**WHAT THIS TASK INVOLVES**
Using only the entries below, output the lines starting at the one containing "カードケース じゃばら式 18ポケット" and ending at the one containing "El Remate se", exactly and inclusive of both, omitting the pictures.

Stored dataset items
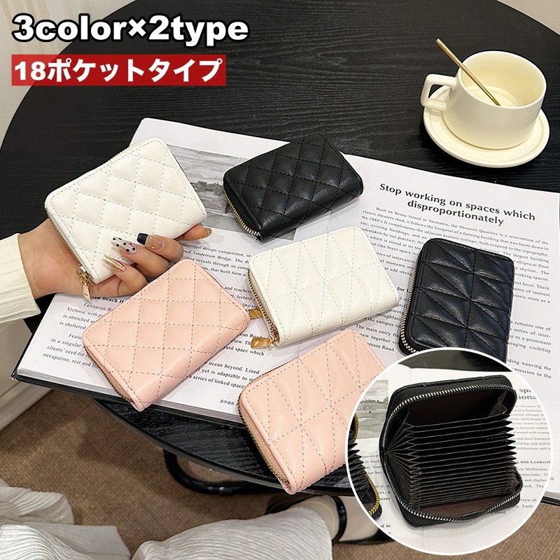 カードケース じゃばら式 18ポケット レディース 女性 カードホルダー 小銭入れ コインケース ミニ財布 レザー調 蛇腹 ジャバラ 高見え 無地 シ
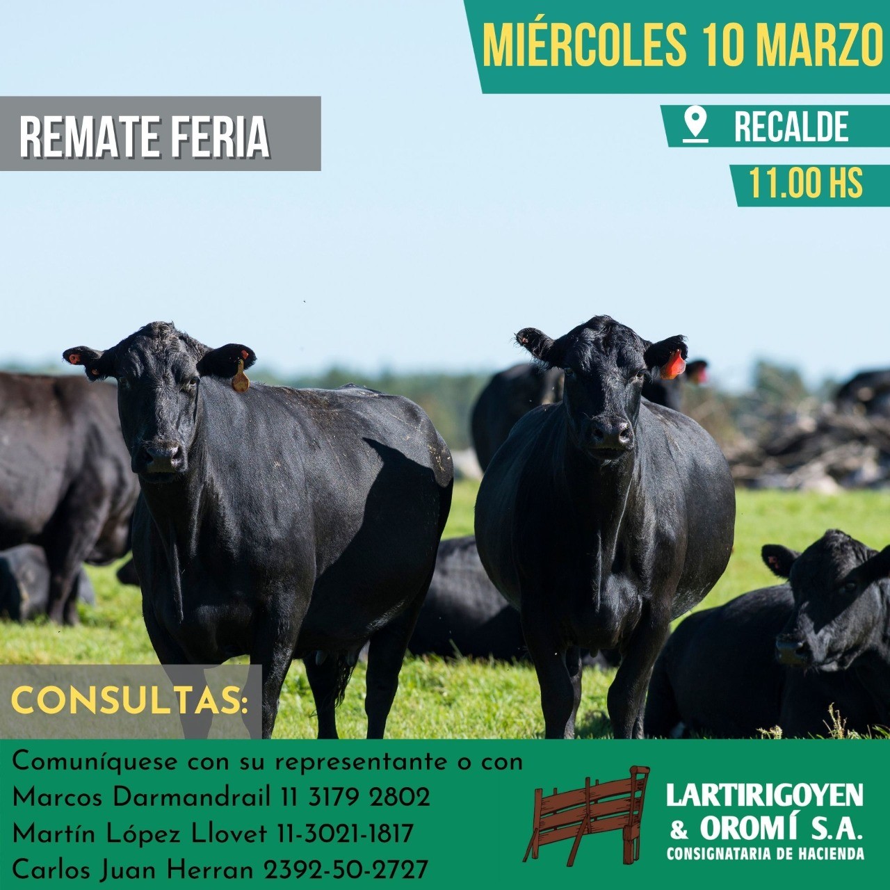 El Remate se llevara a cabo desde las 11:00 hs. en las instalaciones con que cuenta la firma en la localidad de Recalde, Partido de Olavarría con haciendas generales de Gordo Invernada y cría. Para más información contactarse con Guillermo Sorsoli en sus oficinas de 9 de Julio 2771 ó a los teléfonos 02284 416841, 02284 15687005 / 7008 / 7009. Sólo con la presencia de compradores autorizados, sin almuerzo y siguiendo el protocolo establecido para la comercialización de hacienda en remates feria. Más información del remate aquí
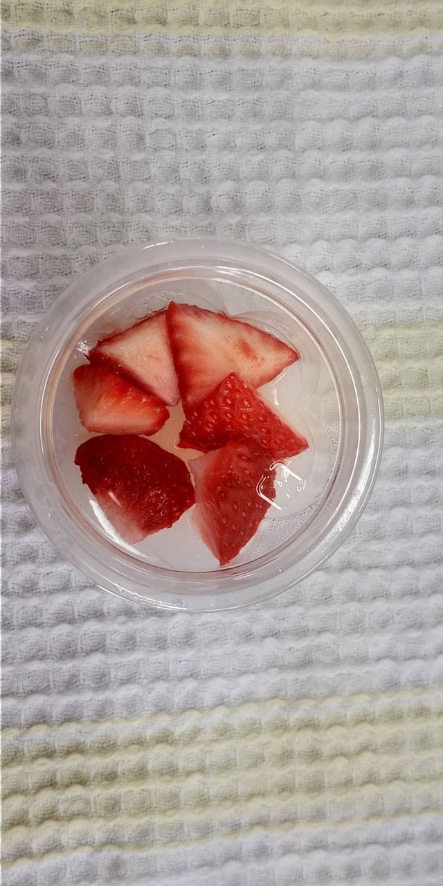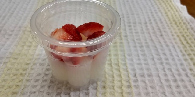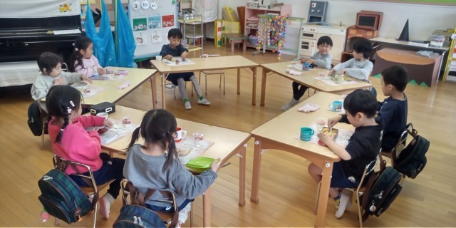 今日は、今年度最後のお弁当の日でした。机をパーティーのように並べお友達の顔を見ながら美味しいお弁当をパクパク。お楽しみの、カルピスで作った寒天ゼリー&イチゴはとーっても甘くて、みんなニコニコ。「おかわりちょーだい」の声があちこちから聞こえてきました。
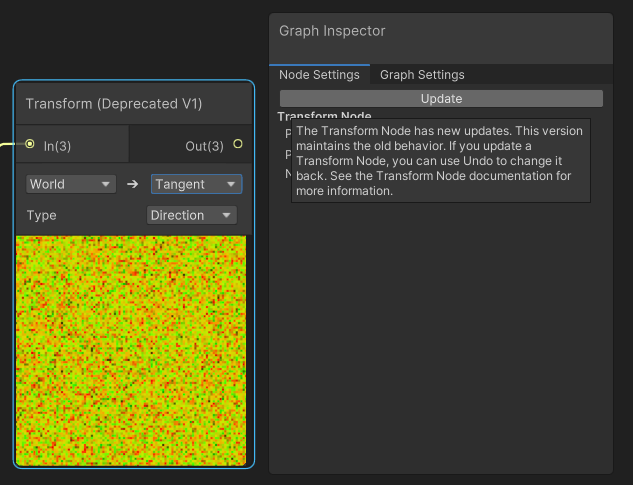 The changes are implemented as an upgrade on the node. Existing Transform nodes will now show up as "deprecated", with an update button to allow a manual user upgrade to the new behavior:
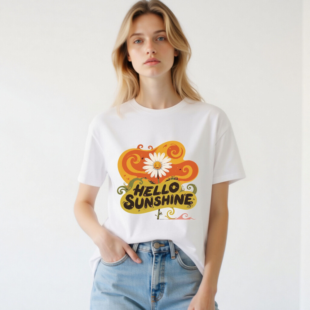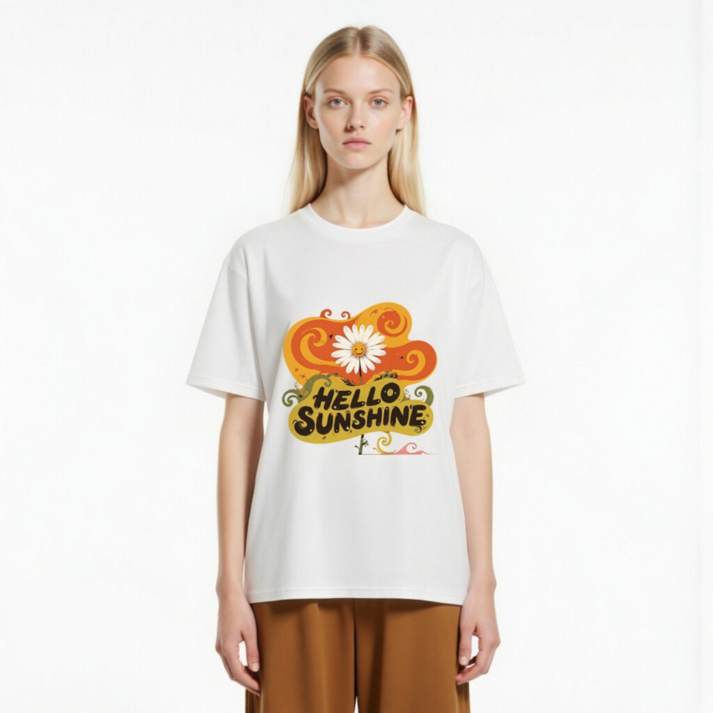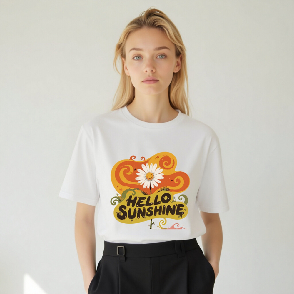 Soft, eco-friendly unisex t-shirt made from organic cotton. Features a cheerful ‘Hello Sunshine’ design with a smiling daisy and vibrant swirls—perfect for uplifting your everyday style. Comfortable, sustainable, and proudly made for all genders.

...

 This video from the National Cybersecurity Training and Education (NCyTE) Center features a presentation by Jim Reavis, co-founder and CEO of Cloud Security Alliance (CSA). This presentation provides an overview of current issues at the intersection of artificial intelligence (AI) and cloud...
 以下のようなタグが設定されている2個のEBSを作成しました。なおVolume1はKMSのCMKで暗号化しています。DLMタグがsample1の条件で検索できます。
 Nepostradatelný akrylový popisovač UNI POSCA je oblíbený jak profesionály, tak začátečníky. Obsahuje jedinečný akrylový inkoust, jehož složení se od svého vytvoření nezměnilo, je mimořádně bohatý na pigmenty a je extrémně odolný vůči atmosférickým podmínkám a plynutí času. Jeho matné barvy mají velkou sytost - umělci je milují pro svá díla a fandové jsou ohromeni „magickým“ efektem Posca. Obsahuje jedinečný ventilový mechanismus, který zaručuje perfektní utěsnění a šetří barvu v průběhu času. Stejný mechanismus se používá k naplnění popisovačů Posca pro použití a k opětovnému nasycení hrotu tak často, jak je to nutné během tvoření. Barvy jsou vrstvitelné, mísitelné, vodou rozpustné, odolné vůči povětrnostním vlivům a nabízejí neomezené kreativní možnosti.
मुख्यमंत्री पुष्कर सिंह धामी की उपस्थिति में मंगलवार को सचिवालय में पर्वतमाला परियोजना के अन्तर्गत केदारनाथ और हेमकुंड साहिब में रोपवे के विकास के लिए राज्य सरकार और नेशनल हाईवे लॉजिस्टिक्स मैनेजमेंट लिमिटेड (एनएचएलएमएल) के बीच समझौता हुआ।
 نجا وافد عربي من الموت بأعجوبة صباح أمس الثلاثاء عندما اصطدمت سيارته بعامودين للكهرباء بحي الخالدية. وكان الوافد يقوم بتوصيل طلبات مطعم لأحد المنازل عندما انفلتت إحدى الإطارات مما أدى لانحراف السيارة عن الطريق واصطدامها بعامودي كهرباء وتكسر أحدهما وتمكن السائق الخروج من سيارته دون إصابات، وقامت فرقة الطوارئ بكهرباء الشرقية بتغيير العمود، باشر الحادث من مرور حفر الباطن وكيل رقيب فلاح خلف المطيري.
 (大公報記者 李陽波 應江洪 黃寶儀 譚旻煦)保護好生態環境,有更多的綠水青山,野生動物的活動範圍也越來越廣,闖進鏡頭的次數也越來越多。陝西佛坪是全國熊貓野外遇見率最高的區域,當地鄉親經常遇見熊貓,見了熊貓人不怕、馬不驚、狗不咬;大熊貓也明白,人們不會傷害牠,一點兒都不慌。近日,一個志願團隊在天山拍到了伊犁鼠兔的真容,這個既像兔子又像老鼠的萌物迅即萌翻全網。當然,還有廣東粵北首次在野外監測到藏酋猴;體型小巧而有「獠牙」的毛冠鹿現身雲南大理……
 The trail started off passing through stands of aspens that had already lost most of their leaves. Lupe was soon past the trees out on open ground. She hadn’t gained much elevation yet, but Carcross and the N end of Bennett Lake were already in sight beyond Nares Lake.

**EXERCISE OUTPUT**
 カードケース じゃばら式 18ポケット レディース 女性 カードホルダー 小銭入れ コインケース ミニ財布 レザー調 蛇腹 ジャバラ 高見え 無地 シ
 El Remate se llevara a cabo desde las 11:00 hs. en las instalaciones con que cuenta la firma en la localidad de Recalde, Partido de Olavarría con haciendas generales de Gordo Invernada y cría. Para más información contactarse con Guillermo Sorsoli en sus oficinas de 9 de Julio 2771 ó a los teléfonos 02284 416841, 02284 15687005 / 7008 / 7009. Sólo con la presencia de compradores autorizados, sin almuerzo y siguiendo el protocolo establecido para la comercialización de hacienda en remates feria. Más información del remate aquí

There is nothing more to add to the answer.